The NLRB, Northwestern Football, and the Theater of the Absurd

 

footballsThis is a case where the caption says it all. The National Labor Relations Board’s decision as to whether football players at Northwestern University can unionize is introduced in the opinion as “Northwestern University — Employer, and College Athletes Player Association — petitioner.” That simple but bold verbal stroke renders the rest of NLRB Regional Director Peter Sung Ohr’s decision largely redundant. If Northwestern is classified as an employer, how then can the football players be anything other than employees? And, if they are employees, then surely they have the power to form a union or players’ association under the aegis of the Act.

Taken in this robotic fashion, a major question of labor policy is reduced to a mindless syllogism that manages to ignore all the difficult institutional issues on this case, some of which I addressed in my earlier Ricochet post on this question, soberly entitled “No Good Answers on Reforming College Sports.” What is striking about the long but aimless opinion of Regional Director Ohr is that it is virtually devoid of any serious examination of the difficult issues that are involved here.

The opinion is roughly divided into two parts. The first half is a detailed (indeed, tedious) examination of all the strict controls that Northwestern University imposes on its football players before, during, and after the football season. The purpose of this demonstration is to tell us what we already know: that the students who receive football scholarships are subject to strict oversight with respect to every aspect of their behavior. We should hardly expect less.

The second half of the decision then examines the legal issues that emanate from this university control over the players. The inquiry starts with the statutory definition of an employer. The reader hoping for something informative will be sadly disappointed, as the statutory definition of an employer is … well, an employer or an agent of an employer subject to statutory exceptions (including, conveniently, the United States government). The definition of an employee is every bit as informative. It covers “any employee,” including employees fired or otherwise let go by an employer.

It is nothing short of amazing that a major piece of legislation could have such a thin coverage provision. At this point, there is no other place to look except to the common law definitions of an employer. Mr. Ohr concludes that a common law employee “is a person who performs services for another under a contract of hire, subject to the other’s control or right of control, and in return for payment.” But what he never asks is whether the common law definition has ever been applied to student athletes in any of the myriad contexts in which that issue could arise, such as unemployment compensation laws or the overtime and minimum wage provisions of the Fair Labor Standards Act of 1938.

In addition, Ohr flunks the most elementary question of characterization, which asks: to what extent, prior to this litigation, did Northwestern regard itself as an employer or did the players regard themselves as employees? I cannot think of a single instance in ordinary conversation where students on scholarships have been called employees, or where their scholarships have ever been treated as compensation for services rendered.

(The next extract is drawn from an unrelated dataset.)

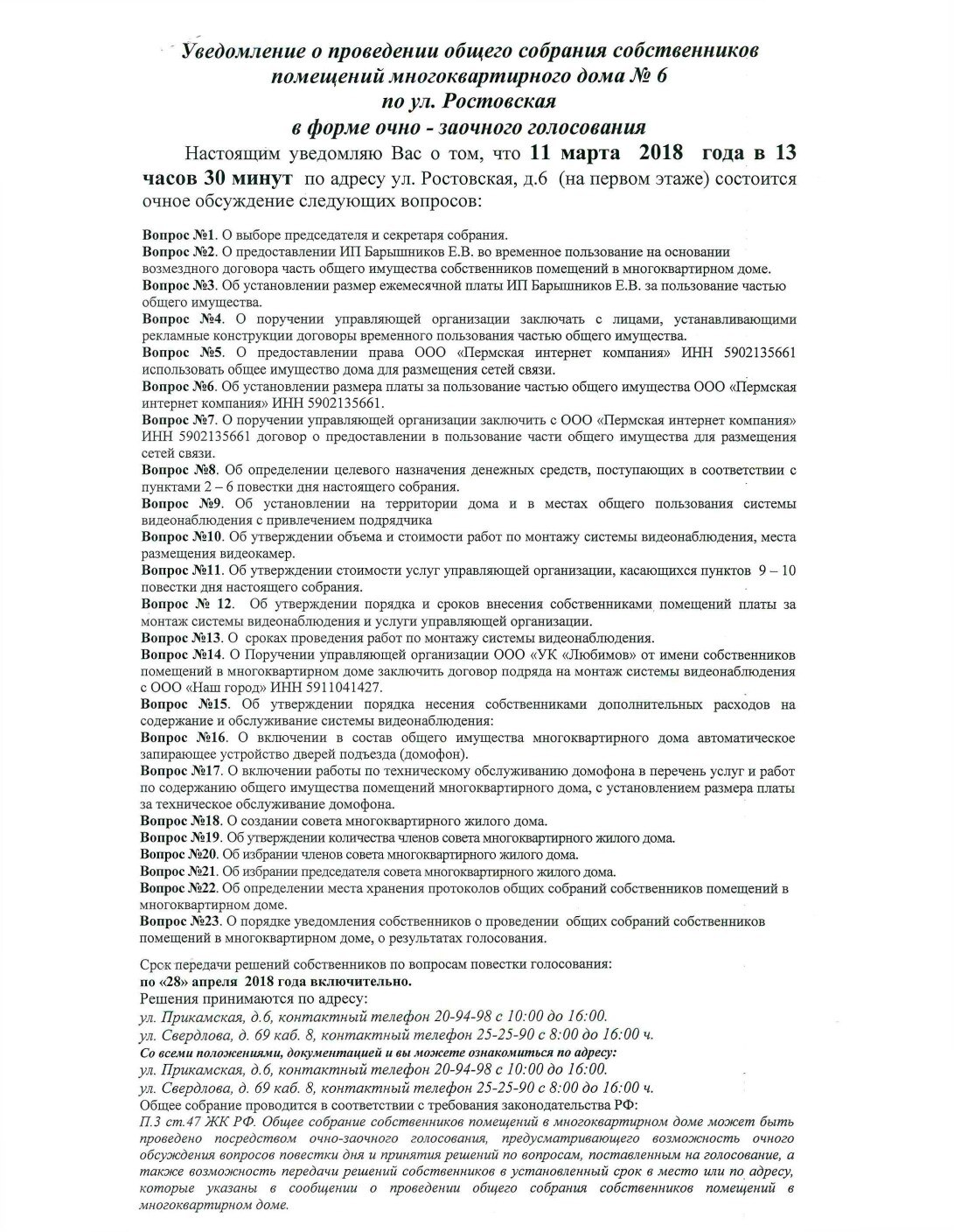 Ук Перспектива Опубликовано 6 марта, 2018 Опубликовано 6 марта, 2018 Объявление на двух листах. На втором есть и информация и координаты. обычная повестка для голосования по доп.услугам,не входящим в состав обязательных,так сказать "хотелки". Составлена грамотно и подробно,только нужно учесть ,что кворум по многим вопросам в этой повестке должен составлять не менее 2/3 голосов.

It would be one thing if there were elaborate efforts by employers to pretend their employees were something else — which often happens when companies classify workers as “independent contractors” in order to escape a wide range of requirements dealing with taxation, coverage under ObamaCare, unemployment insurance and the like. That, however, is decidedly not the situation in this case, where the charge of the artificial use of language is more properly directed at Regional Director Ohr, who at no time entertains any of these considerations.

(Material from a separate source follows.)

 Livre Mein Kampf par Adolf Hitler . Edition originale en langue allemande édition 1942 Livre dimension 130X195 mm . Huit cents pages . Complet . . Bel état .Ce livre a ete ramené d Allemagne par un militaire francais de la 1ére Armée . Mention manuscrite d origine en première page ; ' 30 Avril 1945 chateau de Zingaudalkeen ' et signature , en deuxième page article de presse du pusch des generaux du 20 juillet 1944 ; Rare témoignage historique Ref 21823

His opinion is wanting for at least three other reasons. The first deals with questions of coverage. He does note that walk-on players cannot be treated as employees under the Act until they receive a scholarship—whoops, “an employment contract.” But he does not deal with the question of how this analysis applies to football programs at other colleges where the scholarships are smaller and the work obligations are less stringent. Nor does his blinkered decision give us any clue as to what happens with respect to other sports where the exchange of services under supervision for cash compensation also applies. What happens with Division II football, men’s and women’s basketball, and a host of more minor sports? Any public official who starts down this path should have at least some sense of where the journey will end. But Ohr does not even venture a guess as to what will happen at the next bend in the road.

The second question deals with the nature of the negotiations that will take place. The National Labor Relations Act requires that the parties bargain collectively with respect “to wages, hours, and other terms and conditions of employment,” (construed broadly, as always). Superimposing this on Northwestern and its football players is a practical absurdity.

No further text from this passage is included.